This organization later opened up Disney stores that contributed to its high success rates. In 1994 it released the Lion King and many other successful animated films. It created Hollywood records and music and released books as well for new audiences. In the 2000s, the company tapped into the benefits of mergers as was the case with the Pixar animations merger that occurred in 2006 (Gabler, 2007). Others included the Fox family in 2001. Saban entertainment in 2002, New Horizon in 2007, and most recently Marvel entertainment in 2009. It should be noted that these are all full acquisitions, partial acquisitions have also taken place in line with the firm’s strategic objectives. Examples here included Muppets and Henson production which remain partly owned by Sony Pictures and Sesame workshop respectively (Gabler, 2007).

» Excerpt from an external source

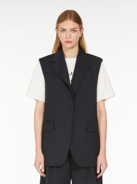 DETAILS Gilet in stretch pure woollen cloth featuring a mannish tailored design with a classic lapel collar, welt breast pocket and flap front pockets. The lined model boasts a central rear vent and visible button-fastening. COMPOSITION AND CARE Fabric 100% virgin wool; lining 50% acetate, 50% viscose. Do not wash; do not bleach; do not tumble dry; cool iron; professionally dry clean perchloroethylene - mild process; do not wet clean. Distributed by Max Mara S.r.l., registered office in Reggio Emilia (Italy), Via Giulia Maramotti 4, 42124 (IT)

Products and services offered

As mentioned earlier, one of the biggest strengths of this company is its diversification. Products and services are not just randomly selected as every new innovation is associated with its core mission and strategic objectives. Consequently, most of the business units revolve around the family theme and are associated with entertainment/ media. The first and arguably the most prominent is its film studio called Walt Disney motion pictures. This organization also has a series of cable TV networks like ESPN, ABC Family and Disney channel. The cable networks were a result of motivational influences as well. The Effectance motivation theory by Harter (1981) states that a person goes through a lot of enjoyment upon mastering a certain skill and this in itself is intrinsic motivation. However, failure to succeed leads to the use of extrinsic motivations. The latter firm enjoyed the success of its film studio works and therefore opted to continue with this through cable television networks. Furthermore, the theatre and recording aspects of the business also fall under the latter department. Its merchandising business has also been a crucial revenue contributor owing to the use of its characters in marketing various products such as crockery, clothes and many others. The company publishes several children’s books and has a formidable publishing division within its operations. It also has a theme park division where eleven theme parks are either owned or franchised by the company. In this area, the company has a cruise line and also offers several traveling-based services. It has a wide range of internet operations that are covered in its Media networks division (Walt Disney corporation, 2010)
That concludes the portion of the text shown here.